Polly Apfelbaum. Ed. Bennett Simpson
Polly Apfelbaum. Ed. Bennett Simpson. Phildelphia: Institute of Contemporary Art, University of Pennsylvania. 2003.
ISBN 0884541037
UoA Fine Arts Library 759 A641
"Interview with Polly Apfelbaum by Claudia Gould" (11-9)
\\\\titling of work\\\
"Daisy Chain", "A Pocket Full of Posies", "Peggy Lee and the Dalmatians" contrast with "Ice", "Bones", "Reckless"... etc. contrast in the aesthetic qualities: initial pop/bang/explosion of colour followed by the sense of minute accumulation, accretion, form layered upon form...
(((Pop is never innocent)))
My work is never explicitly narrative, so the titles are always indirect - sometimes they refer to the process, but they are often simply meant to be evocative - I think Duchamp said that titles were like another colour in the work. (11) Using film titles as colour references, etc.
\\\creating entertainments\\\
(((music is very evocative and emotional, but never literal)))
The difference between music and "entertainments" is, for Apfelbaum, that the emotional content is very literal in entertainments whereas in music it's "less intellectual and more intuitive, but at the same time it's very precise. (14)
\\\influenced by taste in film and music\\\
(((my taste is very eclectic)))
I think there's an analogy with what I do - taking little pieces and rearranging them.... I am drawn to the quirky and not always popular.. Many of the pieces work from very explicit rules, or systems, but often - in fact just about always - the system is invisible. I guess I like that kind of tension, between the intuitive and the formal, or the emotional and the controlled. (15-7)
\\\the power of colour and form\\\
(((there's no pure abstraction)))
there is always some reference outside - a connection to place, to memory or to popular culture... By keeping the content indirect, I try to leave space for viewers, so they can bring their own experience to the work. The idea is to make the work rich enough, dense enough, or complex enough so that there is always something unexpected that may come out of that experience. (17)
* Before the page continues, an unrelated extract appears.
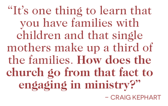 Salter understands the need for action, not just knowledge. “It’s one thing to learn that you have families with children and that single mothers make up a third of the families,” he said. “How does the church go from that fact to engaging in ministry?”

"Having It All: Polly Apfelbaum at ICA by Ingrid Schaffner" (21-43)
\\\a contrarian\\\
Polly Apfelbaum believes you can have it all and she is determined to realise the possibility through her art ... "Every single painting has 100 more paintings in it, his [Matisse's] million decisions and indecisions are the picture ... Apfelbaum's art appears free of anxiety and stress. But like Matisse's, it is based on a similar desire to embody the irresolute, especially the immateriality of colour ... Her work involves the activities and occupies the space of sculpture, but makes a contentious bid for painting, sculpture, and installation to occur all at once, and to be experienced simultaneously ... Apfelbaum's art has sparked talk about issues of appropriation and abstraction, the legacies of minimalism and feminism, and, most recently, the powerful pleasures to be had in surrendering to design and bringing in architecture. (21)
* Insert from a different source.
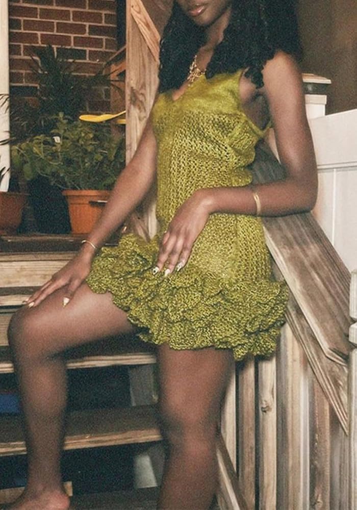 ✨التصميم: فستان سترة نسائي مثير، أشرطة بدون أكمام، برعم زهور، فستان قصير قصير، رقبة على شكل حرف V، مقاس نحيف، لون ثابت، طراز ملائم نحيف، فستان قصير محبوك، فستان قصير بلوفر، تصميم ضيق يظهر منحنيات جسمك الساحرة

We can have it all: colour, drawing, structure, formlessness, systems, chaos, thinking, doing, painting, sculpture, geometry, mess. These things don't necessarily cancel each other out. Indeed, polarising them simplifies complexities, which are not only challenging to consider, but pleasurable to embrace. (40)
\\\colour\\\
Sculpture is about form, not colour, which belongs to the precinct of painting. In an essay called "Colour and Sculpture: A Capricious Affair," art historian Frances Colpitt elaborated: "The rejection of colour in sculpture stems from the Western predilection for purity. From Joachim Winckelmann (1717-1768) to Clement Greenberg (1909-1994), theorists have demanded that each art form be true to its essential nature, with the implications that colour belongs to painting and is superfluous in sculpture." (26- Frances Colpitt, "Colour and Sculpture: A Capricious Affair," Chromaform: Colour in Sculpture, University of Texas at Antonio Art Gallery, 1998, 7.)
Since the Italian Renaissance, artists, philosophers, and critics have argued over the supremacy of drawing (disegno) versus colour (colore). It was a mind/body debate, as well as a moral and class issue: akin to writing, line was the intellect, with all the privileges due enlightenment. Beyond words, colour was sensual, immoral, tricky, dumb. (Anybody can enjoy it.) (40)
"Yes, colour grounds the value of art in the bodily social relationship between the beholder and the object, not in the shadow realm of the disembodied idea. Think about it!" -- Libby Lumpkin, "Vive la résistance: Polly Apfelbaum's Vanitás of Painting," Reckless, Helsinki: Kiasma, Studio K, Museum of Contemporary Art, 1998, 13. (40)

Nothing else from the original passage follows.